Saturday, March 4, 2017

city power & light
 
Today the community of Crosbyton, population less than 2,000, is surrounded by wind turbines and the municipal power company is out of business.  Nice jaunt today for "Junk in the Truck."
 
Crosbyton, Texas

Tuesday, September 6, 2016

boxcar art
 
Business in Wayside has gone, well—by the wayside.  Sometimes called a ghost town, Wayside has a closed school, community church, cemetery and a defunct elevator.  The community, on Ranch Road 285 south of Palo Duro Canyon, was founded as a rural school district in 1893.   Mrs. Hervey J. Bradford named the place Wayside, for its location on the "way-side" of the canyon, when she opened a post office in September 1897.  It’s not a place you generally pass through going somewhere else.
 
Wayside, Texas
9.5.2016

Monday, November 2, 2015

relics of the past
 
Scattered across the South Plains, like remnants of Stonehenge monuments, grain elevators anchor forgotten places.  Many small agricultural towns were linked to larger cities by the railroad.  Silos like these were an important step in the marketing of the grain harvest. Increasingly,  silos and short line railroads bypass diminishing towns and now two-thirds of grain is moved by truck.  Abandoned grain elevators on weedy spurs become monuments to times past.
 
Roundup, Texas
US 84 and FM 2131
11.1.2015

Monday, February 2, 2015

the blue door
 
In 2012 the Harvest Queen Mill was dethroned -- another Plainview business bites the dust.  Agribusiness conglomerate Archer Daniels Midland cut 1,000 jobs, including the 30 or so employees in Plainview, due to declining corn and soybean prices.The Plainview Harvest Queen Mill and Elevator was built in 1926 to mill wheat. The facility was converted in the 1970s to produce industrial starch from grain sorghum.
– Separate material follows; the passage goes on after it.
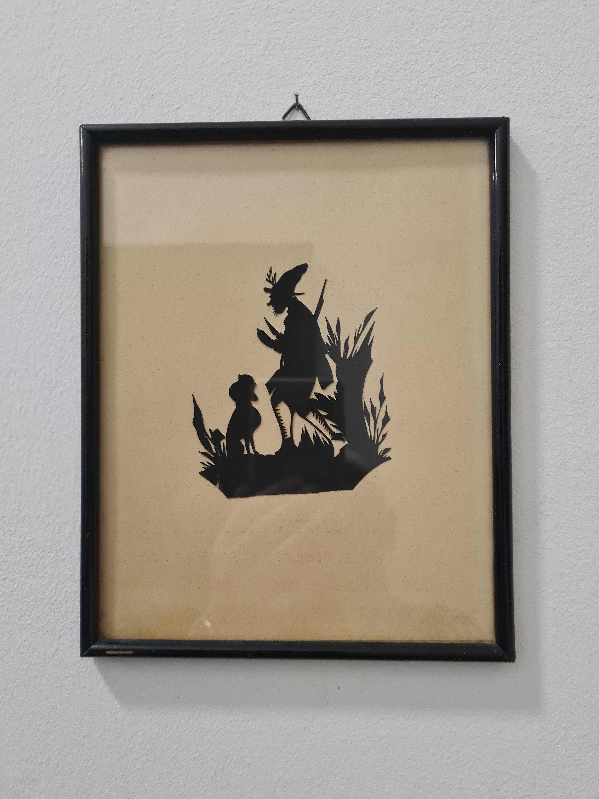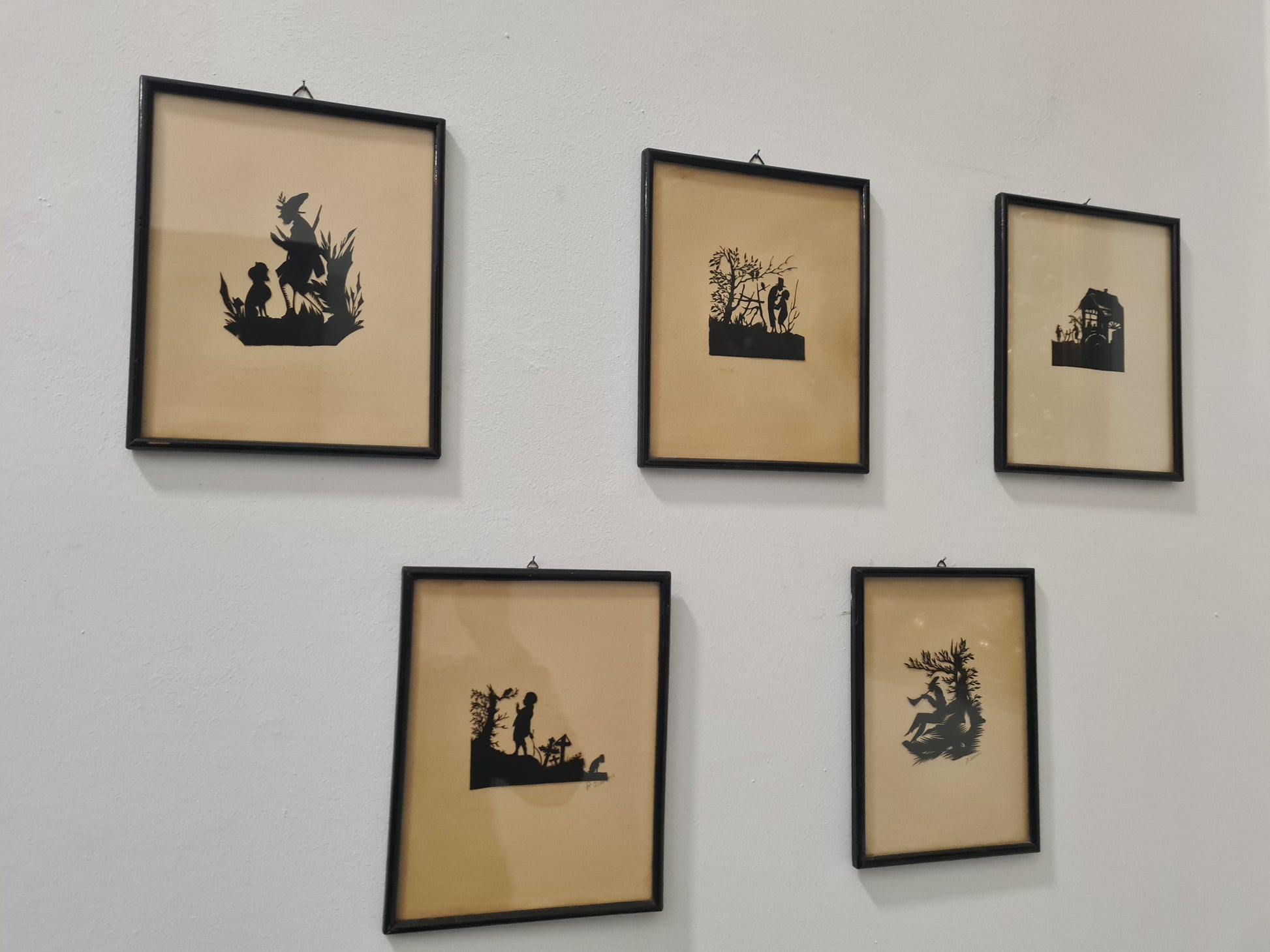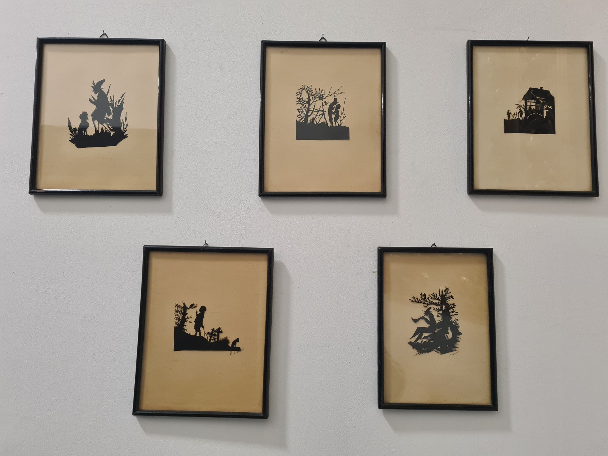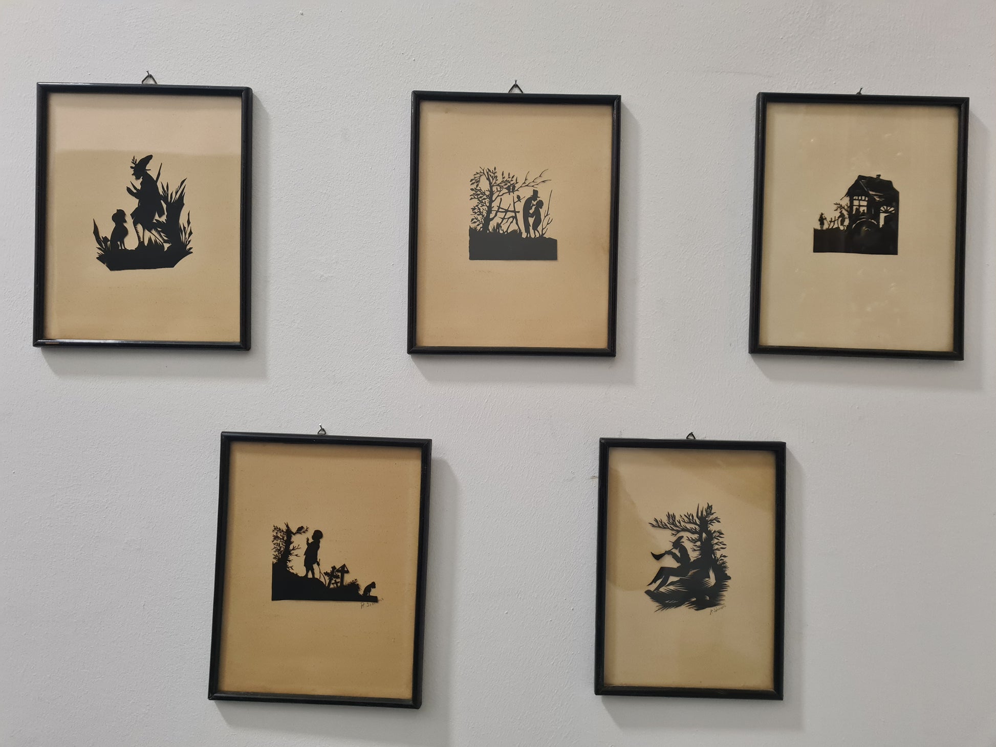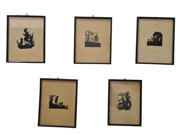 angeboten wird ein Set aus 5 Art-Déco-Scherenschnitten, stilvoll gerahmt in Holzrahmen – elegante Kunstwerke mit feinen Silhouetten.
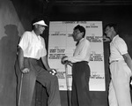 Golfers (from left) Ellsworth Vines, George Schneiter and Fred Haas Junior, looking over the scoreboard at the Colonial National Invitation Tournament.

ADM, an international corporation out of UK, acquired the facility in 1985.  A fixture on the Plainview skyline, this portion of the mill is about six stories with the blue door on the 3rd level.
 
Harvest Queen Mill and Elevator
1208 N. Columbia
Plainview, Texas
2.1.2015
photo courtesy of  Plainview Herald


Tuesday, November 5, 2013

sorghum hill
 
The color of the mature head of grain sorghum, or milo, depends on the variety of seed planted.  Ben Franklin is credited with introducing the crop in the 1700s.  Sorghum uses include food grain for humans, livestock feed and fuel ethanol production.  This yield on the South Plains is good this year.    There were at least six towns in Texas named Providence.  The one in Floyd County is now referred to as a "populated place."  The school is gone -- just a marker with the date 1923 remains.  The Providence Elevator is still in business but don't expect a meal at the Crume Gin & CafĂ© down the road -- it's closed.
 
Providence, Texas
Floyd County
Farm Roads 2301 and 788
10.26.2014

Tuesday, September 24, 2013

open education
 
Today only Crosbyton, Ralls and Lorenzo have schools in Crosby County.  The situation was different in the earlier part of the20th century.  Small towns like Emma, Cone and Estacado once  populated the high plains and most built a school house.  The school in Doughtery was built in 1929 but today only partial brick walls still stand.  What looked like a prosperous future in the 1920s faded in the 1930s with the depression, dust bowl and declining cotton production.  The Producers grain elevator towers on the horizon but is also devoid of life and business.  Rural towns are not completely dead but in dire need of life support.
 
Doughtery, Crosby County, Texas
9.21.2013

Wednesday, January 16, 2013

rusty hulk
 
The rusting grain elevator is the largest structure in town. It reminds me of the prow of an ancient battleship sailing westward. And like antiquated battleships, grain elevators are in mothballs -- sidelined and empty -- victims of technology and economy.